Tourists and newcomers to the city—and even longtime residents—get confused by the pricing system. The large sign lists admission prices for Adults, Seniors, Students, and Children at the museum entranceway. On the sign is the word “recommended” in small lettering.
Filip Saska and Tomas Nadrchal, both of the Czech Republic, and Stephen Michelman, of Manhattan, say the museum is intentionally misdirecting people through the misleading signs and fraudulent marketing, according to the New York Daily News. They have launched a class action lawsuit, filed in the state court in Manhattan.
“We have obtained evidence which makes clear to us that the museum is actively misleading the public and that members of museum’s leadership are fully aware of that fact,” said lawyer Michael Hiller.

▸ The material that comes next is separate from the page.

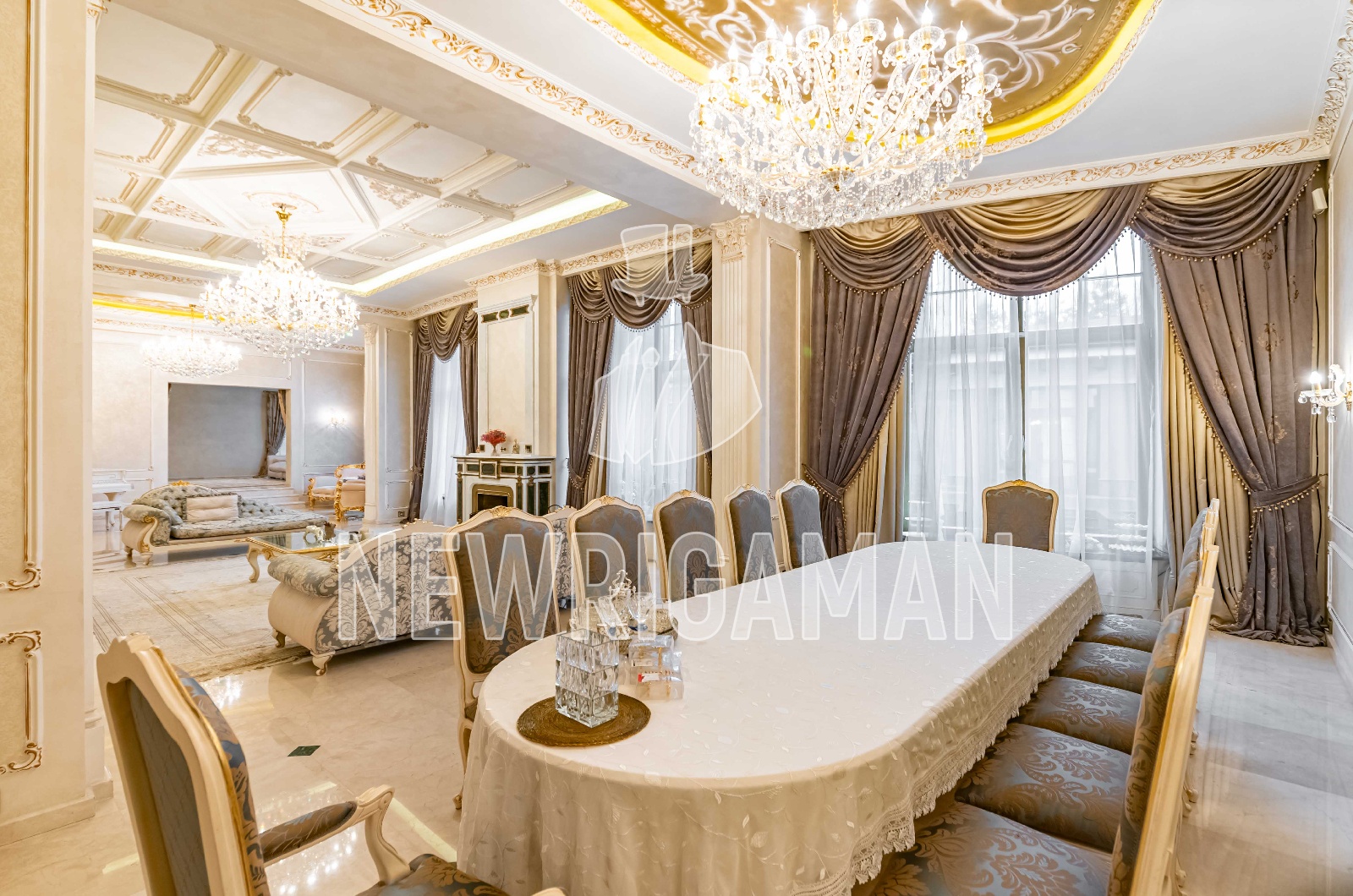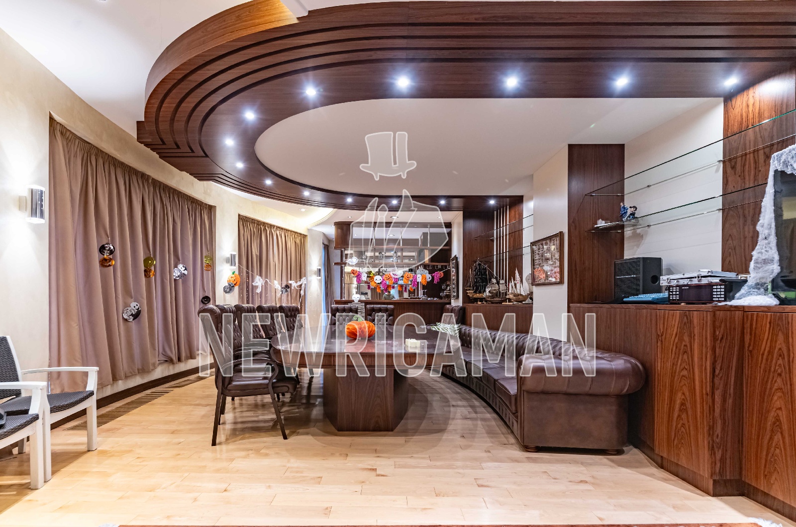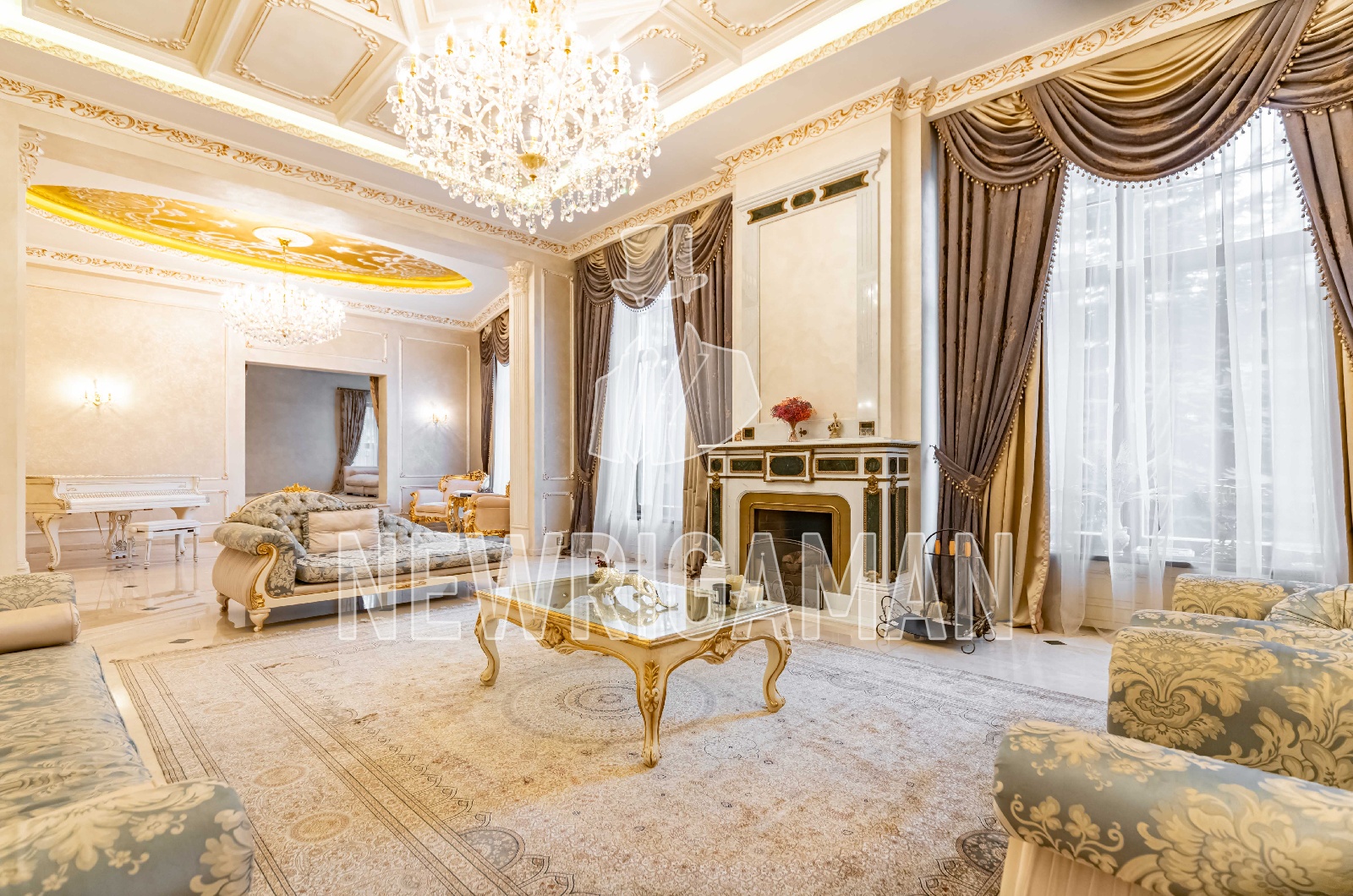 1 этаж - холл, гардеробная, гостевой с/у, гостиная с камином, столовая, кабинет, домашний кинотеатр, кухня с большим подсобным помещением, постирочная, с/у, котельная, гараж на 2 м/м,

A survey by two museum members involved in the lawsuit of more than 360 visitors to the museum found more than 85 percent believed they were required to pay to gain entrance.
Two persons who spoke to the Daily News said they didn’t realize how the admission policy works.
“I paid $12, the student price,” said Leandro Morone, 30, a student from Argentina.
“I didn’t realize I didn’t need to pay until I was inside,” Morone added. “I realized when I was reading the museum map. If I’d known, I wouldn’t have paid.”
Anneka Lenssen, 33, said she tried walking in once but wasn’t able to.
“I asked to pay nothing and the attendant tried to shame me,” the city student said. “She said she didn’t know how to enter a no-sale into the computer and told me I had to go to another line.”
On the website, there’s no mention of the ability to enter the museum without paying. An extra line, “to help cover the costs of special exhibitions, we ask that you please pay the full recommended amount,” is added under the admission prices.
A museum spokesperson called the lawsuit “entirely frivolous,” according to the New York Times.
When recommended fees first started in the 1970s, signs over the cashiers’ desks included the phrase: “Pay what you wish, but you must pay something.”